INFORMATION GIVEN ▸
== == ==
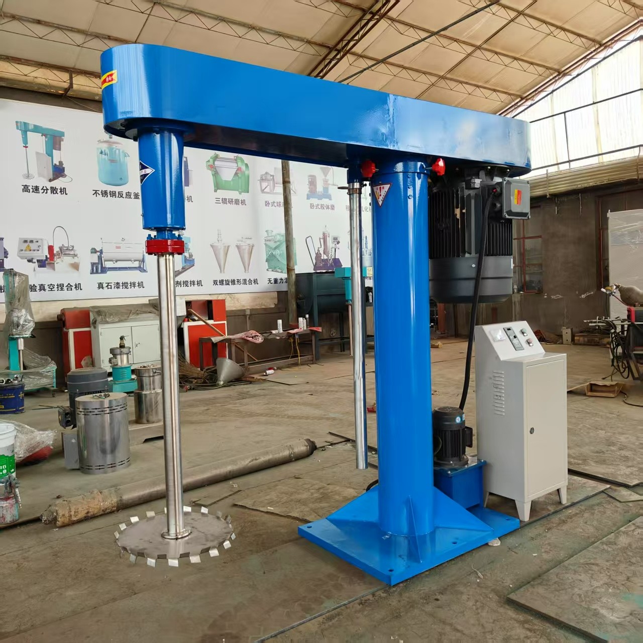 高速分散机在涂料生产中起着至关重要的作用,其核心功能是通过高速旋转的分散盘产生强烈的剪切、撞击和摩擦作用,实现颜料、填料等固体颗粒在液体介质中的均匀分散,从而提升涂料的稳定性、附着力、遮盖力和色泽一致性。
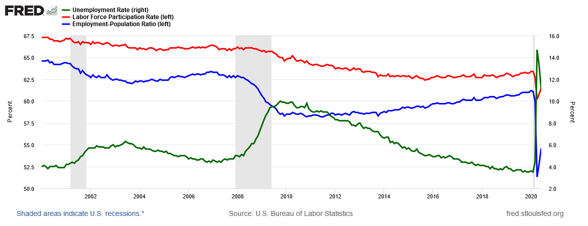 - Yes the unemployment rate was ugly, but not as high as people feared and a quick turn after one month - popping from 4.4% in March to 14.7% in April then back to 11.1% by June
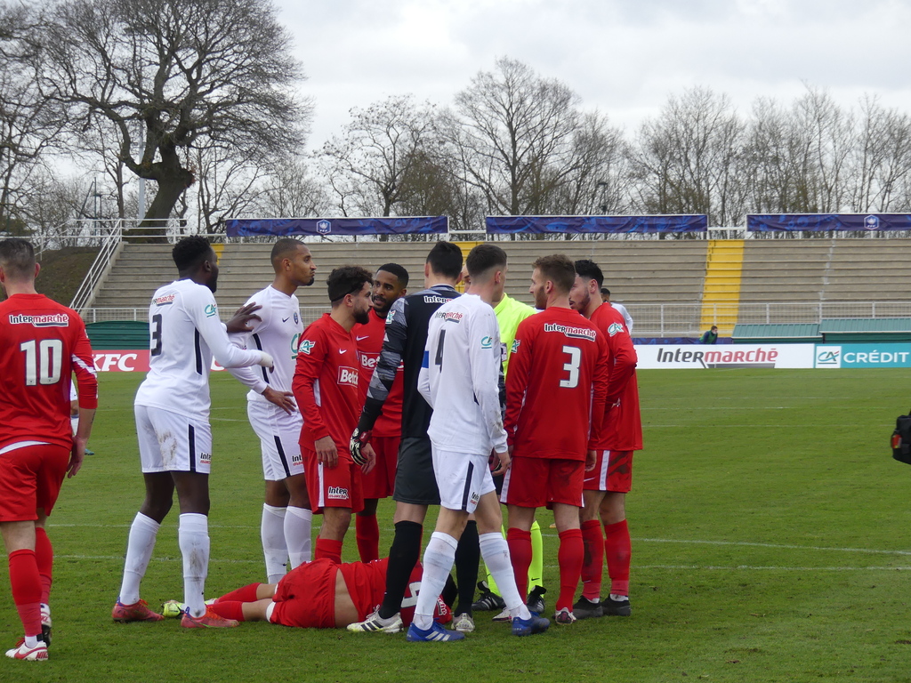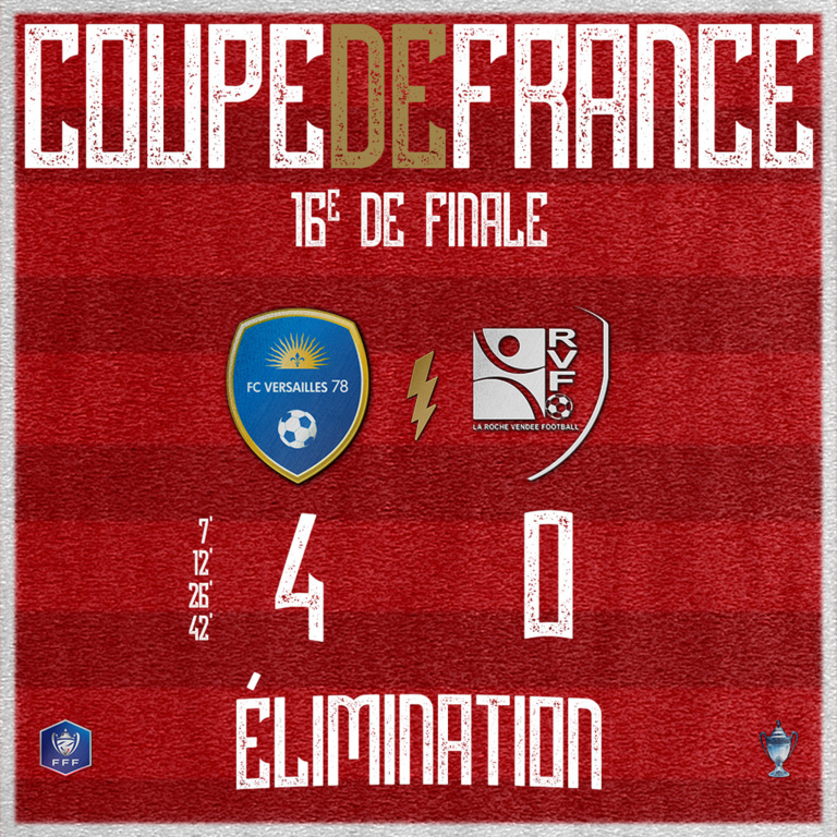 Le premier but sur coup de pied arrêté (7’, 1-0) et le deuxième sur un contre (12’, 2-0). Notre équipe avait une chance de réduire le score suite à une faute dans la surface de réparation sur Berjon, mais le gardien adverse se détendait bien pour repousser le penalty de Charrier (19’). Le calvaire des nôtres continuait puisque le FC Versailles 78 corsait l’addition à la 26’ sur une belle frappe (3-0), puis juste avant la pause sur corner (42’, 4-0). En seconde période, le score ne bougeait pas. C’est le FC Versailles 78 qui accède donc aux 8e. Bonne chance à eux pour la suite de la compétition.
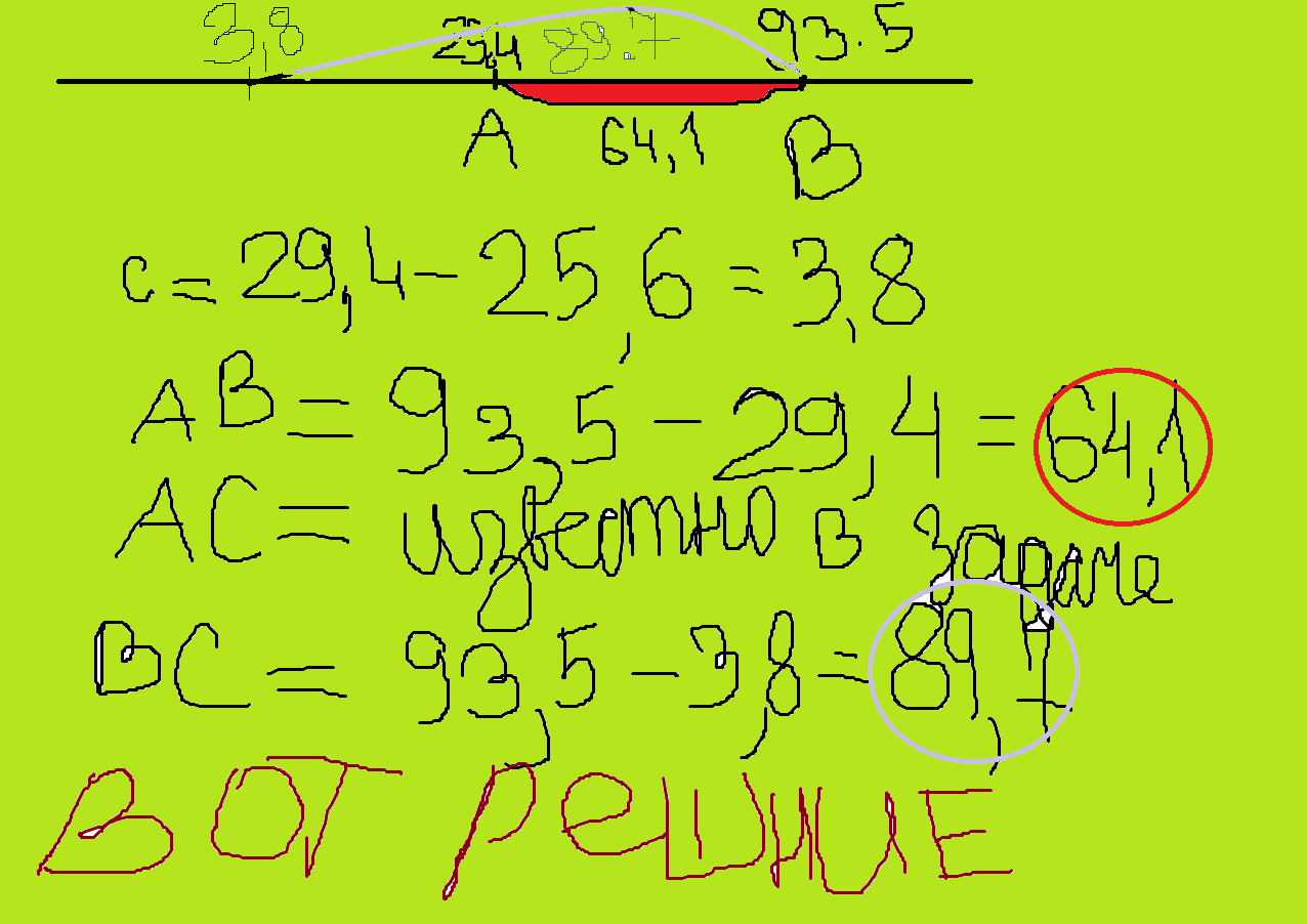 на координатном луче отмечены точки A(29,4),B(93,5)и C расстояниеот точки C до точки A равно 25,6 единичного отрезка найдите AB, AC и BC
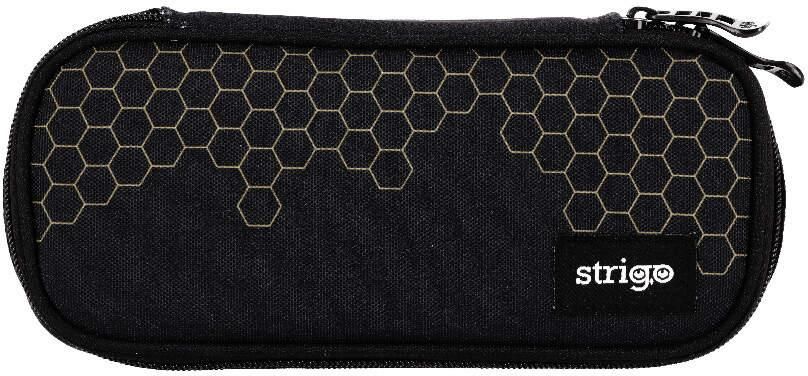 Piórnik szkolny Strigo z kolekcji Plastry Miodu w kolorze czarnym. Wykonany z wysokiej jakości materiału, który jest odporny na zabrudzenia. Piórnik jest usztywniany i posiada dużą kieszeń wewnętrzną oraz klapka z miejscem na przybory piśmiennicze. Na górnej pokrywie znajduje się kieszonka. Piórnik posiada wysokiej jakości suwaki, które otwierane są zarówno z lewej jak i z prawej strony. Wymiary: 25cm x 11cm x 5cm
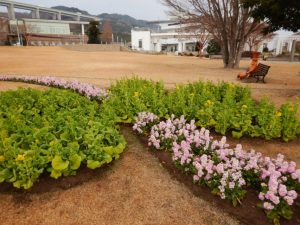 風が強い日は寒いのですが、ここ数日はポカポカと暖かく、上着を脱がれて散歩されているお客様もいらっしゃいました。ビオラやストックなどの花の香りを楽しみながら、お散歩いかがですか?
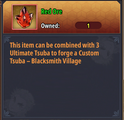 *Note: 3 Peak Tsuba + 1 Red Ore can be crafted into 1 Blacksmith Village Special Tsuba
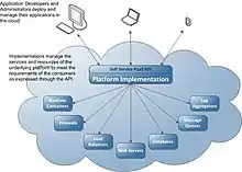 Cloud Application Management for Platforms (CAMP) is a specification for managing applications in the context of a platform as a service (PaaS) system. CAMP is designed to address the needs of a high-level PaaS system; one in which the consumer (generally a developer or application administrator) provides application artifacts (code, data, graphics, etc.) and specifies which provider-supplied services are required to realize these artifacts as an application. The details of the infrastructure (compute, storage, and networking) used to support these services are hidden from the consumer by the provider of the PaaS system.
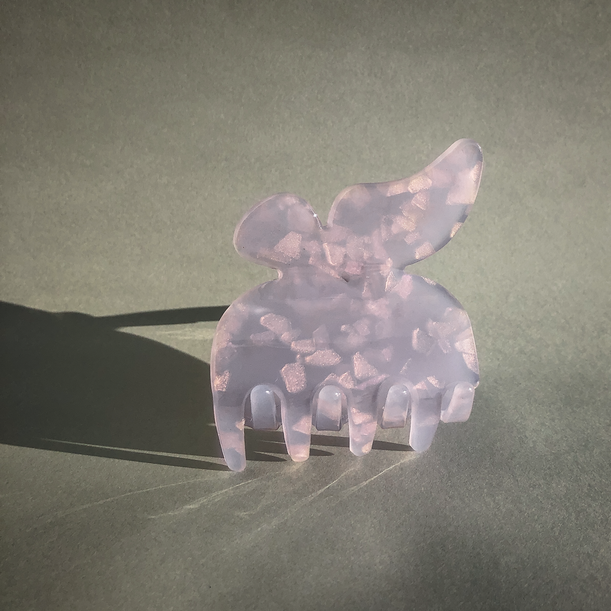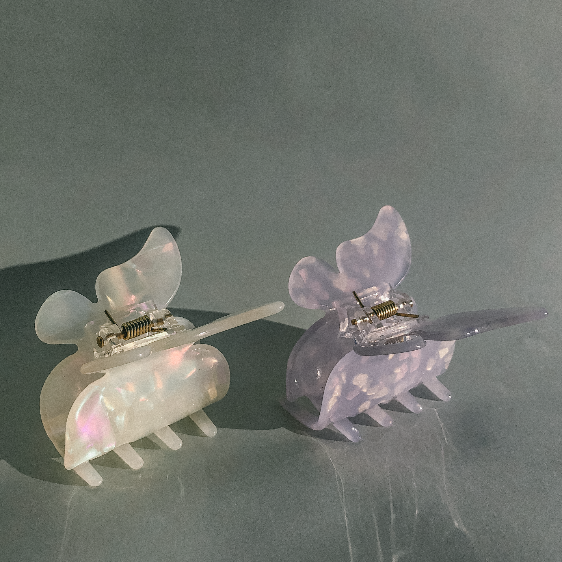 These XL Butterfly Hair Claws are a new addition to our retro acetate collection of hair accessories. The Lilac and White quartz shell Butterflies goes with any outfit and is perfect for updos.
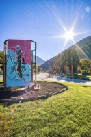 Une jeune fille sur son véloMobilités douces et transition écologique chères à la ville.Amoureux de la lettre, High produit depuis 2008 des lettrages en tout genre.Cette création illustre les mobilités douces et la transition écologique chères à la ville. On retrouve la sérigraphie caractéristique de l'auteur.Cette peinture sur plaque est installée sur le rond-point de l'Europe, point d'entrée important de la ville.Réalisée en 2021 par High
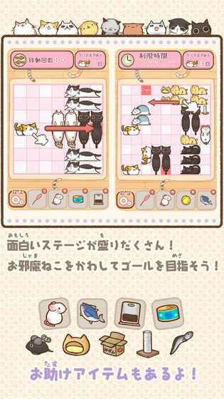 2、操控你喜爱的猫咪,移开阻碍的猫咪引领其到终点,通关后会追加“帮助道具”。
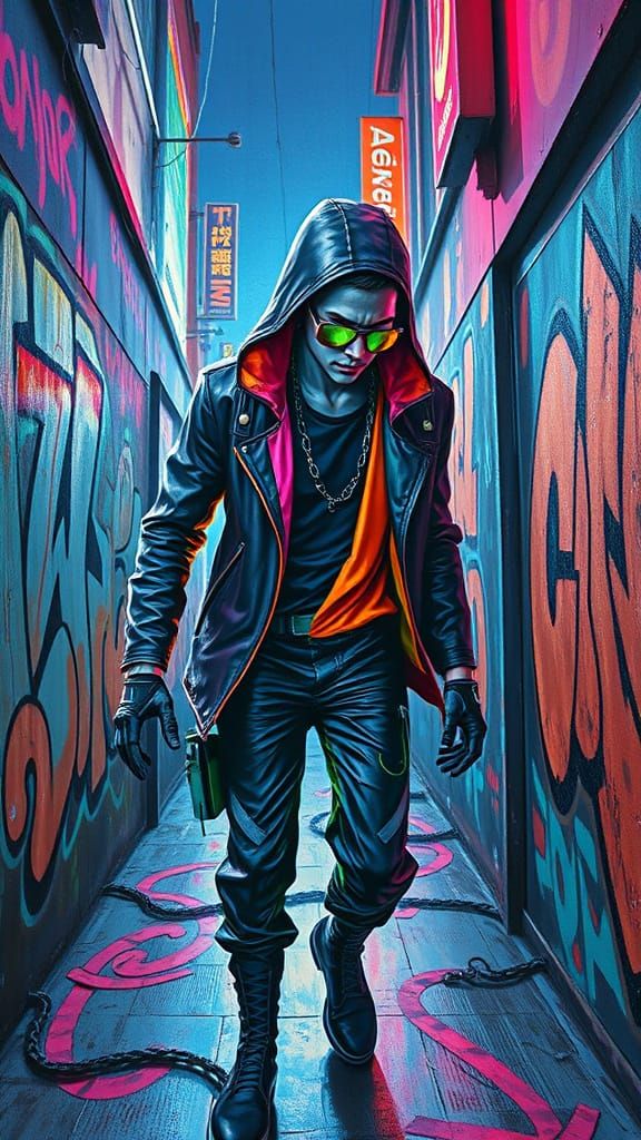 Opal Wolf Holographic Chase Tim Burton contrasting colors deep color graffiti street art surrealism movie poster action painting quilling oil on canvas 3D shading shadow depth complex cosmic glowing neon iridescent intricate holographic magnificent cyberpunk Male
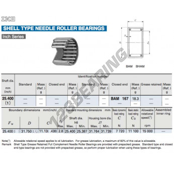 Il Gusci A Rullini, noto come BAM167-IKO IKO, ha un diametro interno di 25.4 mm, un diametro esterno di 31.75 mm e uno spessore di 11.13 mm.
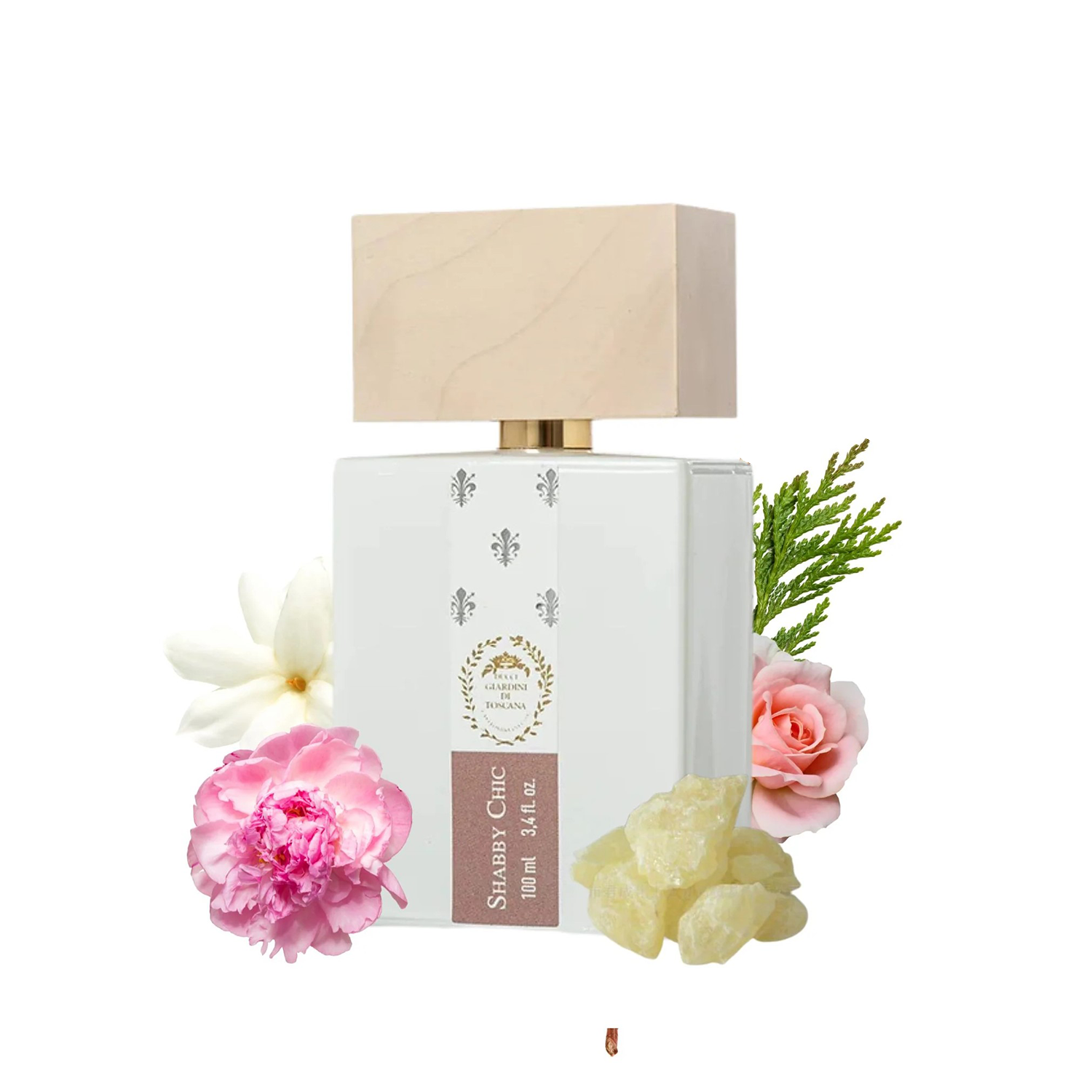 Giardini Di Toscana Shabby Chic EDP is a floral-fresh celebration of nature’s beauty. Inspired by the enchanting gardens of Tuscany, this fragrance captures the essence of eco-luxury.
== == ==
REQUIRED WORK ▸
Starting with the line that contains "Village Special Tsuba" and finishing with the line that contains "These XL Butterfly", reproduce every line of the material above exactly, but not the pictures.

RESPONSE TO THIS TASK ▸
 *Note: 3 Peak Tsuba + 1 Red Ore can be crafted into 1 Blacksmith Village Special Tsuba
 Cloud Application Management for Platforms (CAMP) is a specification for managing applications in the context of a platform as a service (PaaS) system. CAMP is designed to address the needs of a high-level PaaS system; one in which the consumer (generally a developer or application administrator) provides application artifacts (code, data, graphics, etc.) and specifies which provider-supplied services are required to realize these artifacts as an application. The details of the infrastructure (compute, storage, and networking) used to support these services are hidden from the consumer by the provider of the PaaS system.
 These XL Butterfly Hair Claws are a new addition to our retro acetate collection of hair accessories. The Lilac and White quartz shell Butterflies goes with any outfit and is perfect for updos.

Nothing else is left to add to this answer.